--- START ---

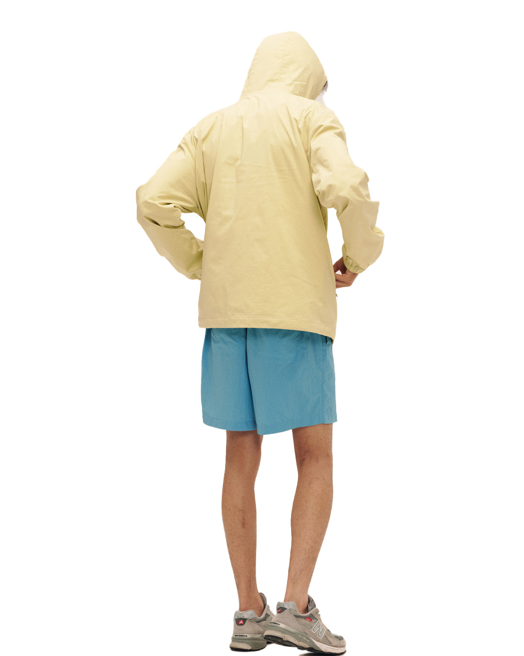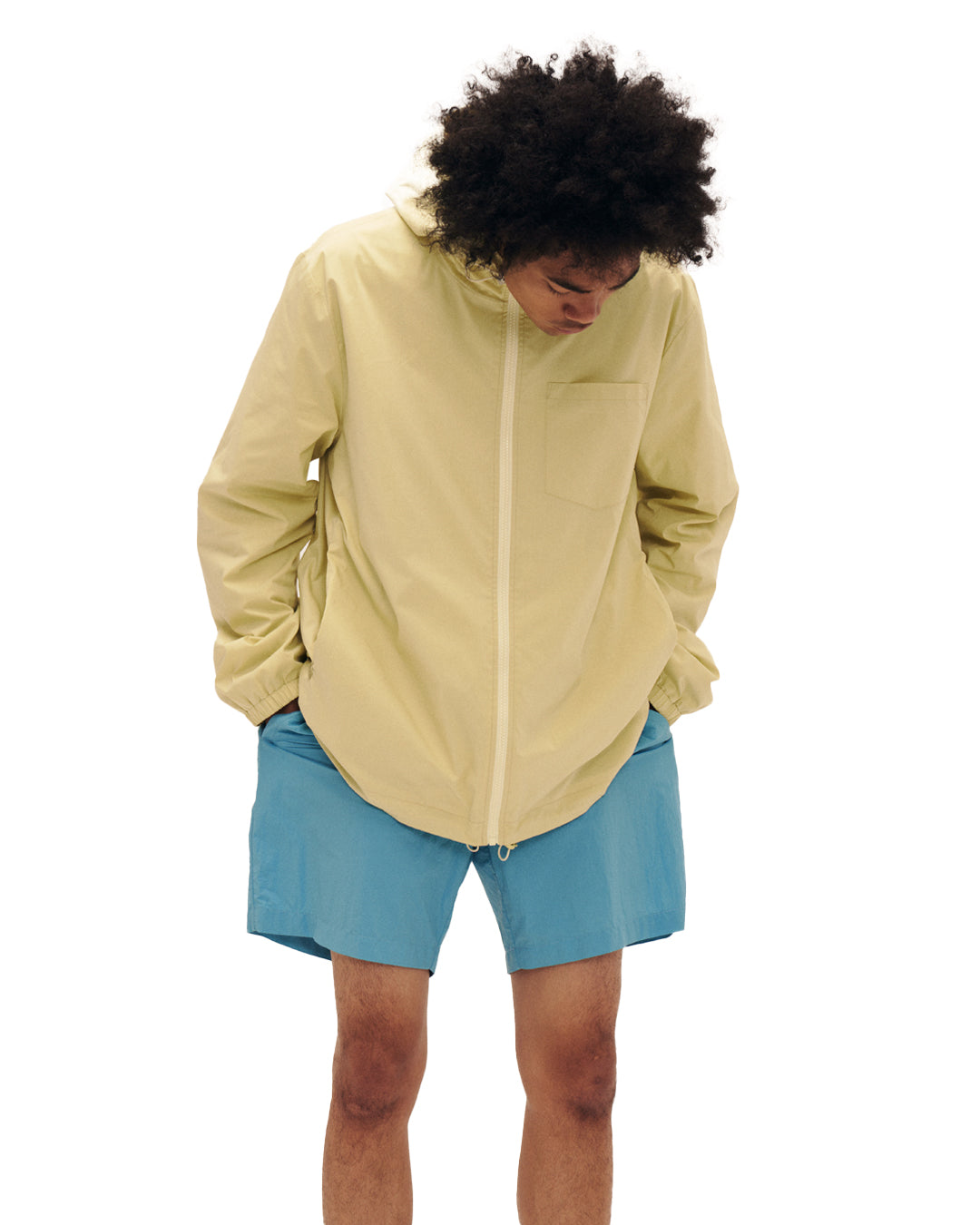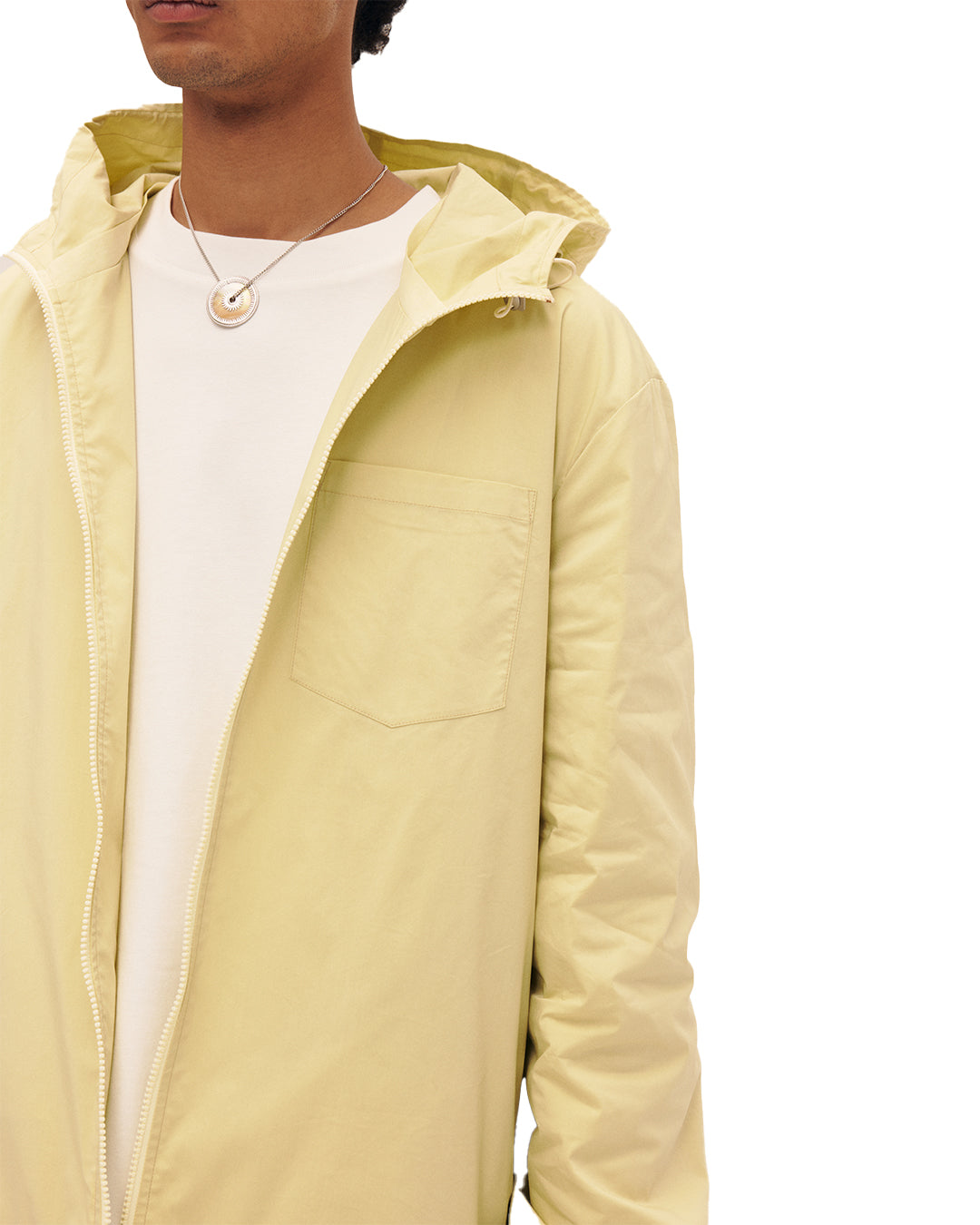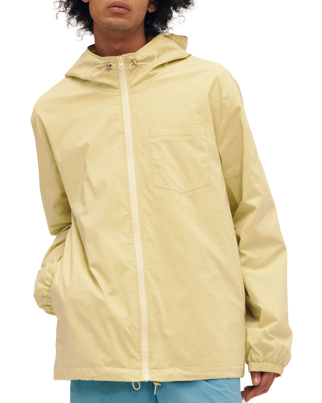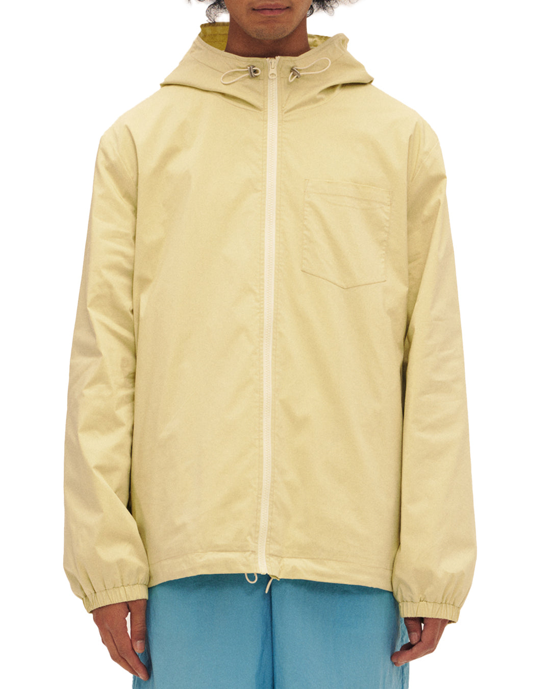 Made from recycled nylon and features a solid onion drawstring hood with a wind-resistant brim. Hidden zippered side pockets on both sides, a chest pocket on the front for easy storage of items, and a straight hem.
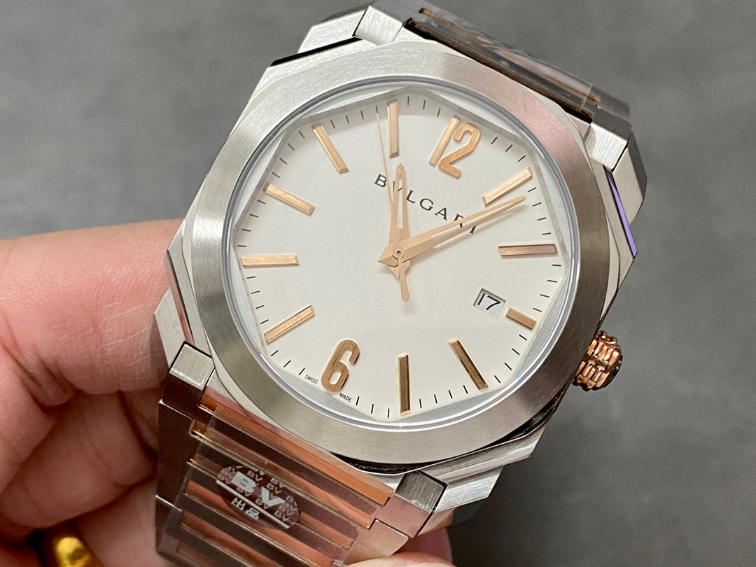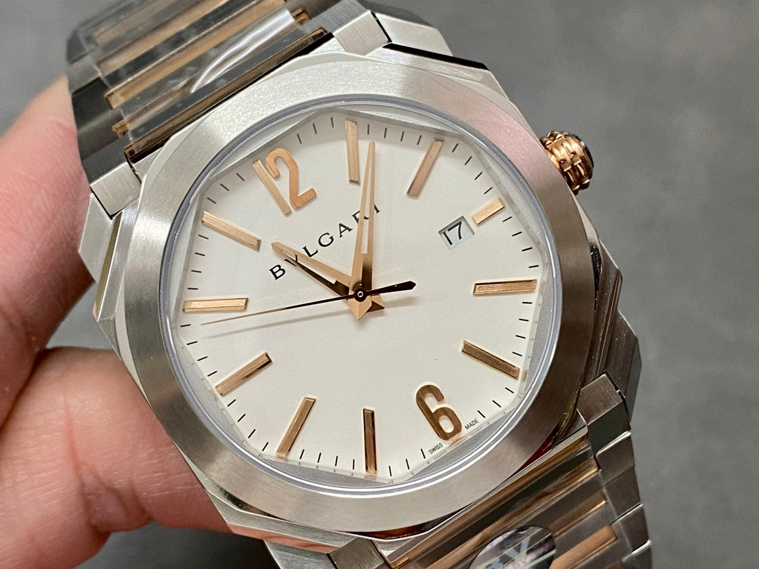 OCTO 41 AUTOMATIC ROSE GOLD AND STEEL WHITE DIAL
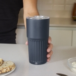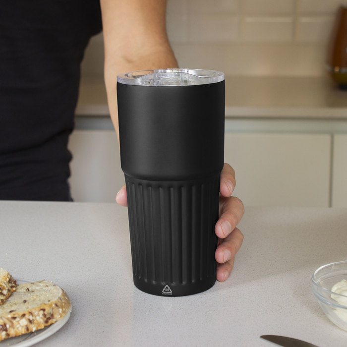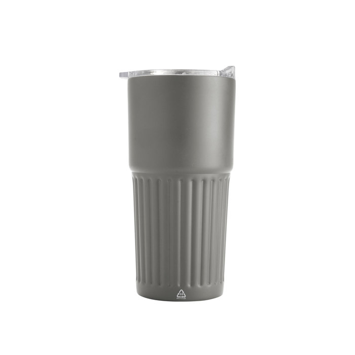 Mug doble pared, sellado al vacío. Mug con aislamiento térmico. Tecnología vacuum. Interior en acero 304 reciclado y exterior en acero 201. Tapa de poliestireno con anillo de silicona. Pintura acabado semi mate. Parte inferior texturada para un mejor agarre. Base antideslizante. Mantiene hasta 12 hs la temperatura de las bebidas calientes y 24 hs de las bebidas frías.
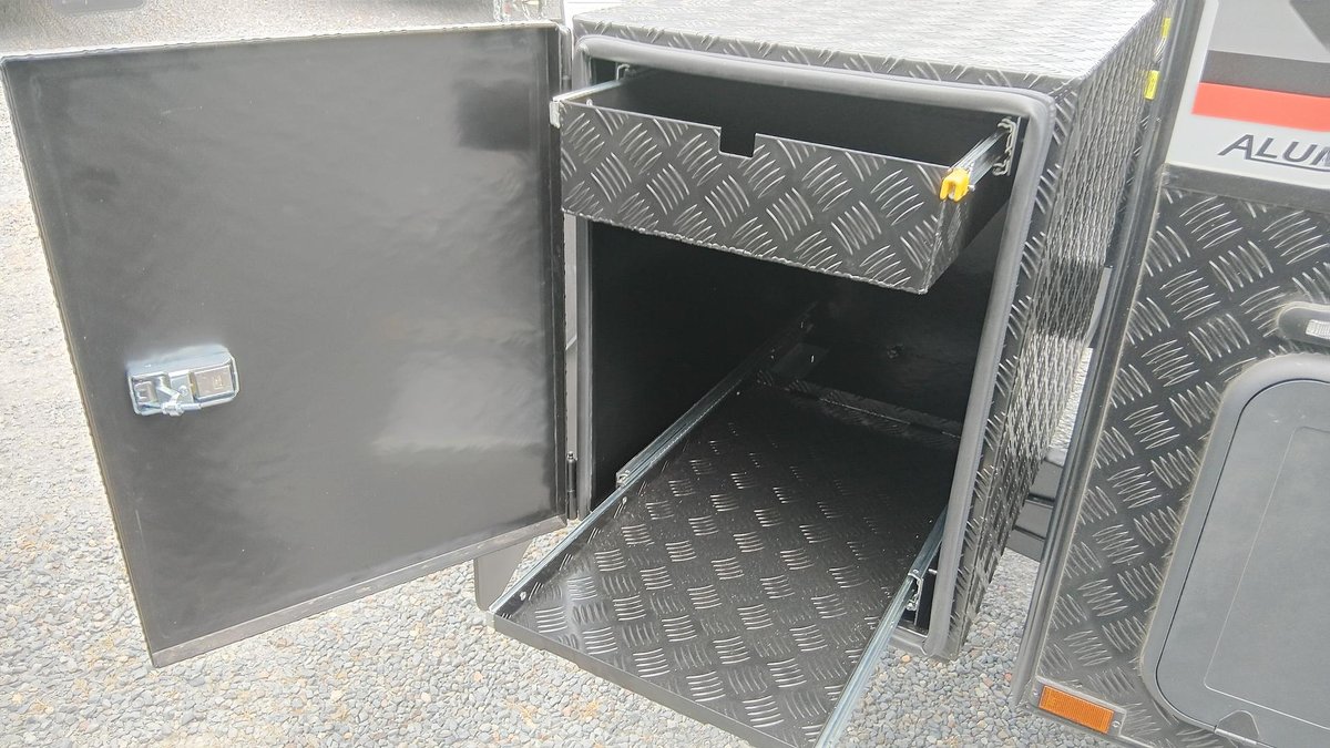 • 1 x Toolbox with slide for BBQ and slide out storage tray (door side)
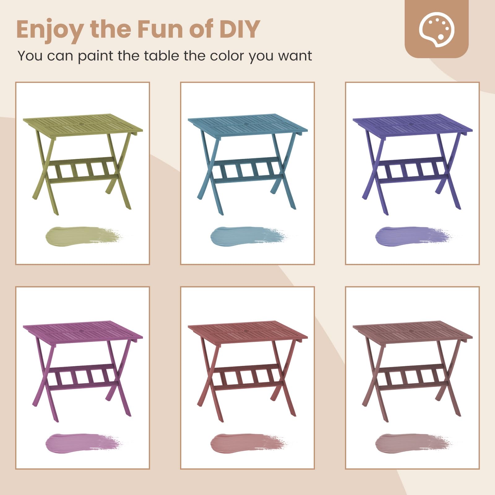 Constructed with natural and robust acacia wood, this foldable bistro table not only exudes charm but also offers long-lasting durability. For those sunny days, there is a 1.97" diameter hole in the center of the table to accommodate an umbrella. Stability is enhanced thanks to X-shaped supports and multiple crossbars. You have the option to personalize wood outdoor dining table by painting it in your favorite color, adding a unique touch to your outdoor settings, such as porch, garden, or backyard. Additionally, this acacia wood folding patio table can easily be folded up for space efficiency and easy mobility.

--- END ---

Work item: Copy word for word the lines of the records above from the one with "Mug doble pared, sellado" up to and including the one with "tray (door side)". Skip the pictures.

Answer to the problem:
 Mug doble pared, sellado al vacío. Mug con aislamiento térmico. Tecnología vacuum. Interior en acero 304 reciclado y exterior en acero 201. Tapa de poliestireno con anillo de silicona. Pintura acabado semi mate. Parte inferior texturada para un mejor agarre. Base antideslizante. Mantiene hasta 12 hs la temperatura de las bebidas calientes y 24 hs de las bebidas frías.
 • 1 x Toolbox with slide for BBQ and slide out storage tray (door side)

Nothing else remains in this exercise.